The court was told that at the time of the offending he was serving a jail term, set to expire on March 31, that was imposed in 2019 for aggravated burglary and assault occasioning actual bodily harm.
Acting Justice Peter Berman said that while the fire was confined to the cell, it was "nevertheless substantial".
"The potential risk to others is obvious, and it must've been an alarming experience for those who had no easy way of escaping if the fire had escaped beyond Mr Winters' cell," he said.
"It was Mr Winters' intention to disrupt the legitimate manner in which prison authorities have decided to classify him and to thwart his movement into the general prison population.
"His actions were clearly premeditated and intentional."
Acting Justice Berman, however, said he took into account that Winters, the youngest of three children, was genuinely afraid for his own safety if he were moved.

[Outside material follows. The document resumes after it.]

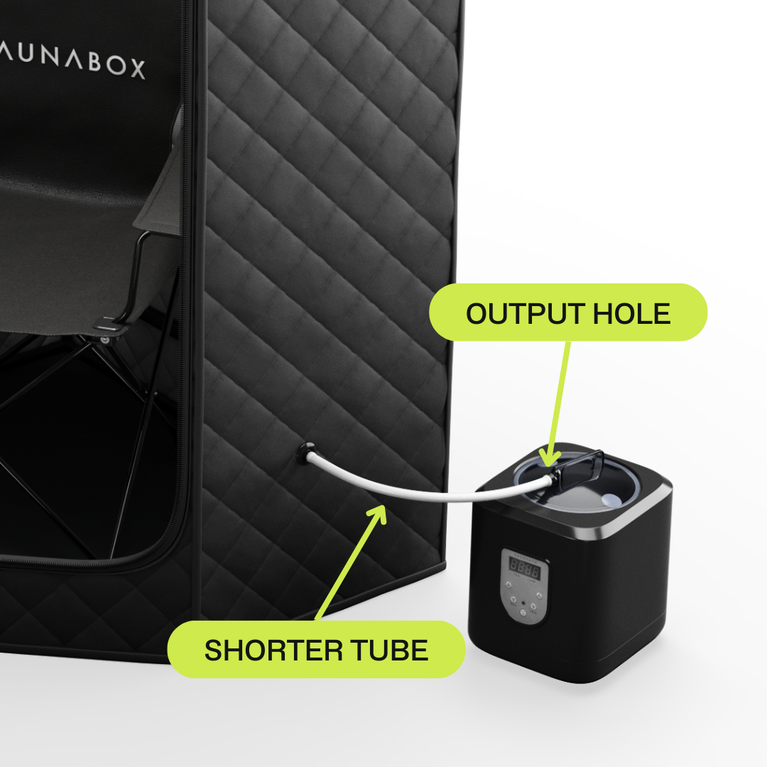 (10) Assemble the SmartSteam unit: Attach the SHORTER tube to the output hole on the lid. Then, attached the end of the tube to the SaunaBox connector.

In considering the offender's personal factors, the judge said Winters' background was "a profoundly sad one" and that "his early life explains where he is today".
But he said Winters "must spend more time in custody" because a suspended jail term would not be enough in meeting sentencing purposes, specifically deterrence.
A reparation order was also sought for the cell damage, but the judge did not make one, saying he could not see the utility because of Winters' personal circumstances, and adding that a reparation order might even hinder his rehabilitation chances.
Winters was sentenced to eight months' jail, to start from April and to be suspended from August upon him entering a good behaviour order for two years.